The people must be left with nothing but their eyes to weep with.

—Lieutenant General Philip H. Sheridan

The “Sibley Scout” is famous among Indian fighters as being one of the narrowest escapes from savages now on record.

—Editorial
The New York
Tribune

Toward the end of the perilous march [of the Sibley patrol], we all became so weakened that we marched for ten minutes and then would lie down and rest. Several of the most robust men became insane, and one or two never regained their wits.

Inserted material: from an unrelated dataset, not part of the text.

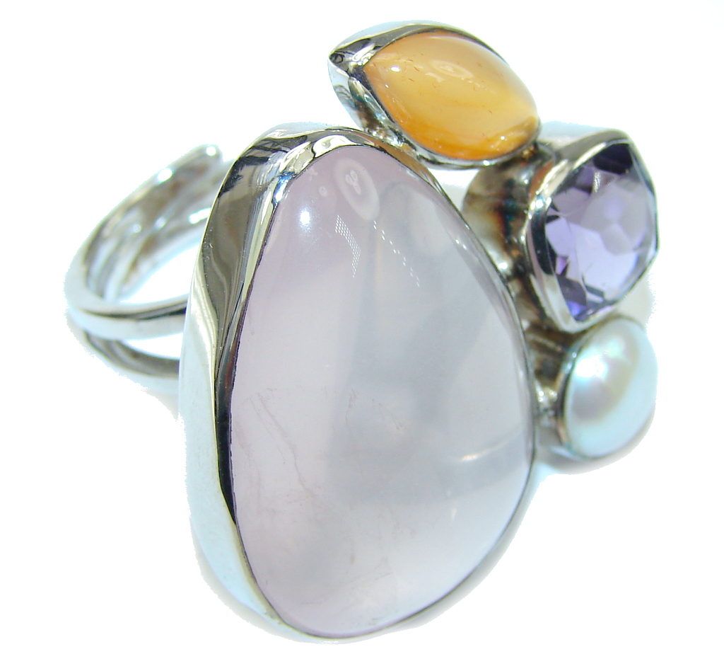 Big! Passion Rose Pink Quartz Sterling Silver Ring s. 7 - adjustable
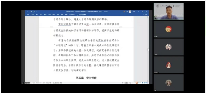 会议开始,朱院长首先向大家介绍了商创班的创建初衷,强调商创班是宁波大学新文科建设和商科拔尖创新人才培养改革的一个重大举措,以学术为导向,采用创新化培养模式和一系列创新举措,旨在培养志向高远、德才兼备、具有深厚家国情怀、宽广全球视野、宽厚人文底蕴、科学思辨方法、突出创新能力,堪当民族复兴大任的高素质研究型人才。商创班秉承宁波大学“把成才的选择权交给学生”的办学理念,在前三年学习阶段不限(分)专业,并结合全程专业导师制培养。每个学生都可以在优秀专业导师指导下量身定制个性化培养方案,根据个人发展规划自主自由选择专业和课程学习,旨在确立以学生为中心的学习范式,激发学习主动性,充分发掘潜力,提升学习能力。同时,商创班在人才培养上强调学科专业交叉融合,实行“厚基础、宽口径、强交叉、重实践、促创新”五措并举,培养高层次复合型人才。随后,朱院长对商创班具体政策及选拔面试流程做了详细介绍和说明。

—Lieutenant Frederick W. Sibley

[The skirmish at Warbonnet Creek] is one of few cases where a large party of Indians was successfully ambushed by troops.

—Don Russell
Campaigning with King

For the Indians who had gloried in the victory of Little Big Horn, Slim Buttes heralded the retaliatory blows that ultimately broke their resistance and forced their submission … the actions of September 9 and 10, 1876, commenced the relentless punitive warfare that was to be waged over the next eight months, until the tribesmen either had died or had gone peaceably to the agencies.

—Jerome A. Green
Slim Buttes, 1876

… many a suffering stomach gladdened with a welcome change from horse meat, tough and stringy, to rib roasts of pony, grass-fed, sweet, and succulent. There is no such sauce as starvation.

—Lieutenant Charles King
Campaigning with Crook

The terrible persistence with which [Crook] urged his faint, starving, foot-sore, tattered soldiers along the trail, to which he clung with a resolution and determination that nothing could shake, entitles him to the respect and admiration of his countrymen—a respect and admiration, by the way, which was fully accorded him by his gallant and equally desperate foes.

—Cyrus Townsend Brady
Indian Fights and Fighters

Only the brave and fearless can be just.

—Old Lakota proverb

For acting to stop the Cheyennes, [Merritt] was commended by General Sheridan; for delaying the march of the Big Horn and Yellowstone Expedition for a week, he was blamed by General Crook.

—Don Russell
The Lives and Legends of Buffalo Bill

The battle [of Slim Buttes] was one of the most picturesque ever fought in the West. Crook and his officers stood in the camp, the center of a vast amphitheater ringed with fire, up the sides of which the soldiers steadily climbed to get at the Indians, silhouetted in all their war finery against the sky.